Another important factor, especially when comparing to the 80-90% elemental sulfur products on the market, is that co-granulating MST® with other plant macronutrients allows for a more uniform distribution in the field since the sulfur is spread out amongst more granules.

Why was sulfur identified as the nutrient for this technology?

Eric Pedersen: Sulfur is one of the 17 essential nutrients required by plants to complete their lifecycle. It is a key component in the synthesis of protein, chlorophyll, and oil in plant tissue, and is essential for effective crop uptake of nitrogen. Sulfur is generally required in small amounts early in the growing season, large amounts during rapid vegetative growth and moderate amounts during grain filling. Sulfur can to some extent accumulate in plants but, unlike nitrogen, sulfur is relatively nonmobile within the plant – the primary reason why sulfur deficiency symptoms always occur at the top of the plant in the most recently developed leaves. Consequently, crops require a continuous supply of sulfate-sulfur from soil throughout their life cycle.

Sulfur fertilizer products composed of salt, like ammonium sulfate (AMS), are a great source of immediately available sulfur early in the growing season because they are fully soluble. The downside to salts is that in coarse soils they have a high risk of leaching during heavy or frequent rainfall events.  Elemental sulfur is not a salt and has very low solubility.
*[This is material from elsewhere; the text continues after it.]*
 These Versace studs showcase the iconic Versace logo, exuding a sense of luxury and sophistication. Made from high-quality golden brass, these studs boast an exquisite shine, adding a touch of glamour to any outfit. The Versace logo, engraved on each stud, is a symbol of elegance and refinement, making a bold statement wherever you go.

The MST® particles stay in the soil where they are placed, and the sulfur only becomes mobile (soluble) as the particles are converted to sulfate-sulfur. The slow release of sulfate-sulfur from MST® results in more flexible application timing as it can be applied in fall or spring, higher sulfur use efficiency and reduced risk of environmental loss.

How does MST® help with seed safety when applying fertilizer with the seed?
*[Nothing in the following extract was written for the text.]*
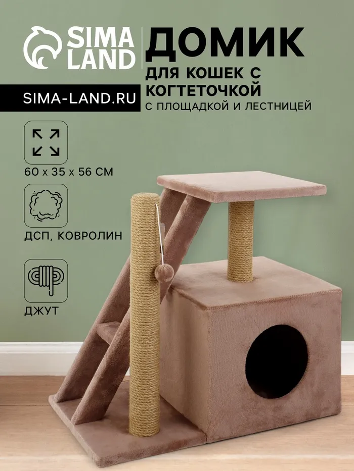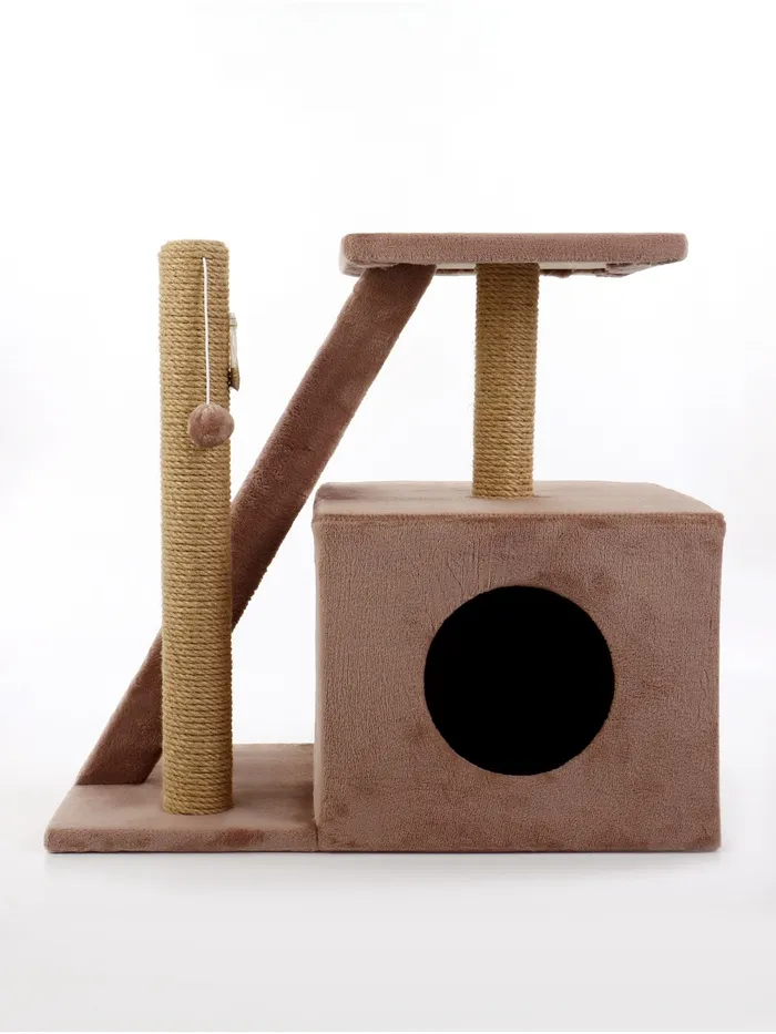Польза для кошки и хозяина: Комплекс отвечает природным потребностям питомца — лазать, точить когти и иметь собственное укрытие. Это не просто аксессуар, а вклад в её здоровье и ваше спокойствие. «Домосед» станет любимым местом вашей кошки, где она сможет отдыхать, играть и чувствовать себя в безопасности.

Mark Howell: Salt index is a valuable tool for evaluating the relative salt potency of fertilizers. This is important because salts essentially compete for water with seeds.  So, if fertilizer with a high salt index is placed close to seeds, like with an in-furrow placement, it can delay or reduce plant emergence. Further to this, the nitrogen component of some fertilizers, like ammonium sulfate, can also be toxic to germinating seeds, which is why we have maximum recommended nitrogen rates for seed placed fertilizer.

With MST® products, the elemental sulfur component is not a salt so it does not contribute to the salt index. When applying it in-furrow, it is still important to follow the established recommended seed safe rates for a given operation. For example, in the case with MAP+MST, it still contains 9% nitrogen, so that needs to be factored in to in-furrow rate calculations.

Explain how Sulvaris identified the need for MST® in fertilizer.

Eric Pedersen: Sulvaris’ headquarters is in Alberta, Canada, so we have intimate knowledge of elemental sulfur as a byproduct of the oil and gas industry. We also understand that in agricultural soils, when nutrient outputs exceed nutrient inputs, the result is nutrient deficiency. This is the case for sulfur in much of the arable soils around the world. The cause of the reduced sulfur inputs is mainly from the success in implementing air pollution control technologies to remove sulfur dioxide from industrial emissions. Sulfur is no longer falling from the sky in the form of acid rain. At the same time, crop yields have been steadily increasing, a necessity for feeding our growing global population, but also resulting in greater nutrient (including sulfur) outputs. In many of our agricultural soils, sulfur outputs now exceed sulfur inputs and sulfur deficiencies are on the rise. According to Liebig’s Law of the Minimum, if we want to maintain high crop yield, we must address this sulfur deficiency by adding sulfur fertilizer. Using elemental sulfur from the oil and gas industry to address agricultural sulfur deficiencies has always been a large part of our company’s vision.